Statistical Analysis with Python
You will not need to know much at all about the theory of statistics to complete this tutorial. If you desire, you could peruse:
The function linear_least_squares performs what is sometimes called "multiple linear regression", which is presented in this large-print, 15 page PDF document: Introduction to Applied Statistics: Multiple Linear Regression.
But you may want to skip both of the above, and just read the first couple of sections in the Linear Regression entry in the Wikipedia.
IMO, in statistical studies 90% of the labor is in obtaining the data (e.g., building and maintaining a mesonet), 9% in archiving and formatting the data (e.g., the reanalysis data) and 1% in passing the data through statistical analysis software and interpreting the output.
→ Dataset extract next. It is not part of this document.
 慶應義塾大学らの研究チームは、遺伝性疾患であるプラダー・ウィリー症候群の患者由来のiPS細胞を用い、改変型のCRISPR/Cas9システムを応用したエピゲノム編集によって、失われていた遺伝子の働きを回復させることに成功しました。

Here we will do part of the 9%: formatting the data using Python. And the 1%: using a Python function to find regression coefficients from one data set, making a prediction with those coefficients, and comparing the predictions with observations.
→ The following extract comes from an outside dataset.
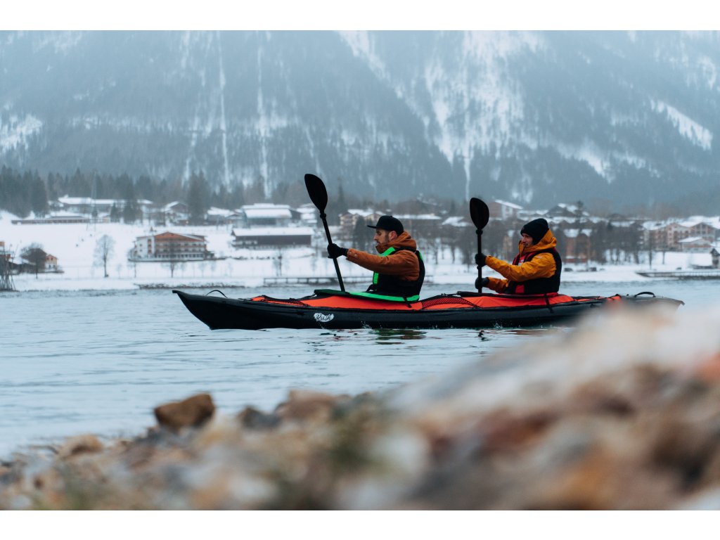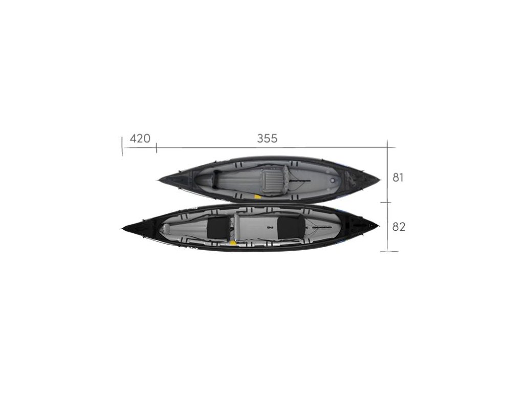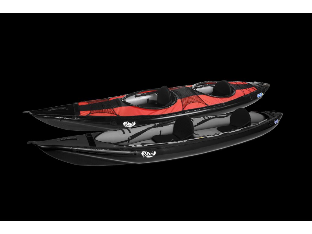 Rush 2 (420 × 82 cm, 15.5 kg, 195 kg capacity) is a hybrid two-seater inflatable kayak that combines high-pressure drop-stitch technology with classic inflatable chambers. This concept allows for maximum rigidity, great stability and excellent glide. Suitable for touring as well as for multi-day paddling expeditions with equipment.

Both numpy and linearAlgebra (which is part of Numeric) have a linear regression function:
In [1]: import numpy
In [2]: help(numpy.linalg.lstsq)
lstsq(a, b, rcond=-1)
returns x,resids,rank,s
where x minimizes 2-norm(|b - Ax|)
resids is the sum square residuals
rank is the rank of A
s is the rank of the singular values of A in descending order
If b is a matrix then x is also a matrix with corresponding columns.
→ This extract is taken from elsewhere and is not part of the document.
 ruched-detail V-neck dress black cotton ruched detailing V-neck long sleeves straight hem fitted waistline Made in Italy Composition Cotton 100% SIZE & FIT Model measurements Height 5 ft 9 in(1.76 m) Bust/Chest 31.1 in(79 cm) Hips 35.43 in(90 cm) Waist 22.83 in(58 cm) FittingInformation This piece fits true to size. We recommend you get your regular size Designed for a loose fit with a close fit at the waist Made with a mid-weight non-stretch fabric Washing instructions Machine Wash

If the rank of A is less than the number of columns of A or greater than
the number of rows, then residuals will be returned as an empty array
otherwise resids = sum((b-dot(A,x)**2).
Singular values less than s[0]*rcond are treated as zero.(Note notational inconsistency: is a the same as A? Hey, but how much did you pay for it?) We will adopt another notational convention rather than A (a) and b. Instead of A, we will call the matrix with rows consisting of m records of simultaneous observations of n input variables to be X. The column vector of m observations of an output variable, which are hoped to be significantly dependent on the input variables, will be called y. The n coefficients we seek will be the vector (a 1-d array in Python) c. Having found the coefficients, from an analysis of "training data", we hope to either make predictions or otherwise test the skill of the model with an entirely different set of observations, with so-called "verification data". The vector of predictions is denoted yp, which is desired to be close to y in the verification data. The function linear_least_squares chooses c that minimizes the difference between y and yp in the training data.
Here is our forecast model, with notation appropriate for a single record of observations, using n=3 as an example:
ypi= c1 Xi1 + c2 Xi2 + c3 Xi3 + c4
Actually, we seek n+1 coefficients, because of the use of the last term in the above.
The task is Statistical Forecast of Norman Temperature. The task is easily completed by modifying the scripts for the example nowcast project.